[Entries taken from a collection]
****************************************

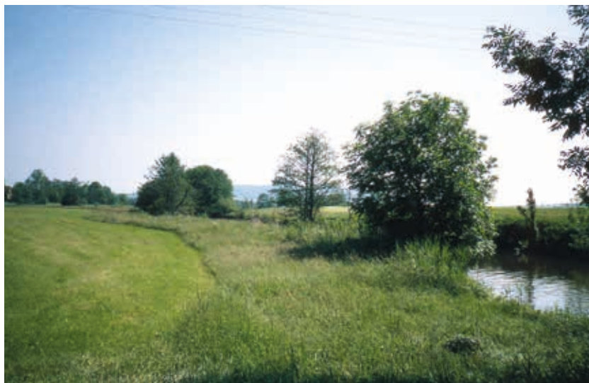
Gewässerrandstreifen mit Beschattung für das Gewässer

Für die einhergehenden Einschränkungen bisher zulässiger und tatsächlich ausgeübter Nutzungen aufgrund der gesetzlichen Vorgaben zum 5m-Gewässerrandstreifen soll nach Maßgabe der verfügbaren Haushaltsmittel ein angemessener Geldausgleich gewährt werden. Die Grundlage für die Ausgleichszahlungen wurde bis Ende 2019 gemeinsam durch die Bayerischen Staatsministerien für Ernährung, Landwirtschaft und Forsten sowie Umwelt und Verbraucherschutz geschaffen. Die geplanten Ausgleichszahlungen sind beihilferelevant, weshalb ein EU-Notifizierungsverfahren erforderlich ist. Die Vorlage der Unterlagen bei der EU-Kommission erfolgte über das Bundesministerium für Ernährung und Landwirtschaft im Januar 2020. Erfahrungsgemäß ist für das Notifizierungsverfahren von Seiten der EU mindestens ein Jahr anzusetzen.
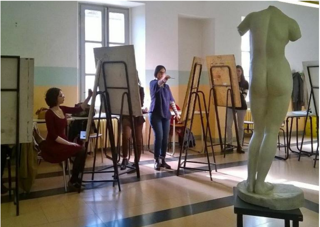
Studenti impegnati nella copia della Venere di Cirene, calco in gesso tratto dall'originale del IV secolo a.C. conservato presso il Museo Archeologico di Tripoli.

Alla luce di quanto si è detto, tornando alle riflessioni sulla metrica del comporre che sviluppa competenze trasversali oltre che d'indirizzo, è auspicabile che lo scambio tra l'area artistica, umanistica e scientifica nella didattica dei licei artistici italiani non si concretizzi in un collage di discipline incollate tra loro da un prodotto , ma in un'esplorazione critica dei processi percettivi e insieme cognitivi messi in atto dallo studente nel suo muoversi verso un'idea. Tutto ciò allo scopo di favorire lo sviluppo delle competenze trasversali o soft skills richieste dal nuovo sistema d'istruzione e dal mondo del lavoro, tra le quali quella logico-matematica, il problem solving, l'approccio critico, la creatività e la flessibilità mentale, alle quali è indispensabile aggiungere anche quella di cogliere il rapporto tra le singole parti e l'intera figura, la capacità di cogliere una simmetria innestando così la razionalità metrica in quella logica.
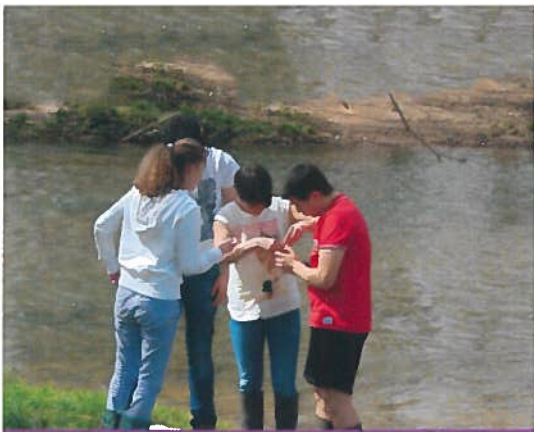
Ecologie, Agronomie, Territoire et développement durable.
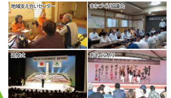
地域支え合いセンター
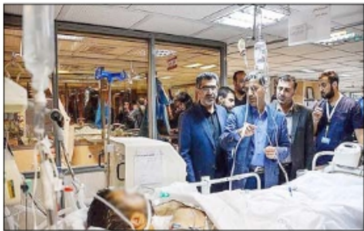
مجرورین حمله تروریستی شاهچراغ در بیمارستان نمازی شیراز - تسنیم
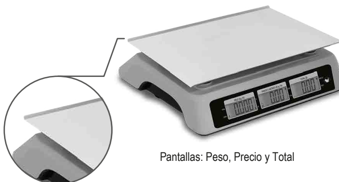
Pantallas: Peso, Precio y Total

****************************************

Task → What is needed is an exact copy of every record above, minus the images.

Problem solution →
Gewässerrandstreifen mit Beschattung für das Gewässer

Für die einhergehenden Einschränkungen bisher zulässiger und tatsächlich ausgeübter Nutzungen aufgrund der gesetzlichen Vorgaben zum 5m-Gewässerrandstreifen soll nach Maßgabe der verfügbaren Haushaltsmittel ein angemessener Geldausgleich gewährt werden. Die Grundlage für die Ausgleichszahlungen wurde bis Ende 2019 gemeinsam durch die Bayerischen Staatsministerien für Ernährung, Landwirtschaft und Forsten sowie Umwelt und Verbraucherschutz geschaffen. Die geplanten Ausgleichszahlungen sind beihilferelevant, weshalb ein EU-Notifizierungsverfahren erforderlich ist. Die Vorlage der Unterlagen bei der EU-Kommission erfolgte über das Bundesministerium für Ernährung und Landwirtschaft im Januar 2020. Erfahrungsgemäß ist für das Notifizierungsverfahren von Seiten der EU mindestens ein Jahr anzusetzen.
Studenti impegnati nella copia della Venere di Cirene, calco in gesso tratto dall'originale del IV secolo a.C. conservato presso il Museo Archeologico di Tripoli.

Alla luce di quanto si è detto, tornando alle riflessioni sulla metrica del comporre che sviluppa competenze trasversali oltre che d'indirizzo, è auspicabile che lo scambio tra l'area artistica, umanistica e scientifica nella didattica dei licei artistici italiani non si concretizzi in un collage di discipline incollate tra loro da un prodotto , ma in un'esplorazione critica dei processi percettivi e insieme cognitivi messi in atto dallo studente nel suo muoversi verso un'idea. Tutto ciò allo scopo di favorire lo sviluppo delle competenze trasversali o soft skills richieste dal nuovo sistema d'istruzione e dal mondo del lavoro, tra le quali quella logico-matematica, il problem solving, l'approccio critico, la creatività e la flessibilità mentale, alle quali è indispensabile aggiungere anche quella di cogliere il rapporto tra le singole parti e l'intera figura, la capacità di cogliere una simmetria innestando così la razionalità metrica in quella logica.
Ecologie, Agronomie, Territoire et développement durable.
地域支え合いセンター
مجرورین حمله تروریستی شاهچراغ در بیمارستان نمازی شیراز - تسنیم
Pantallas: Peso, Precio y Total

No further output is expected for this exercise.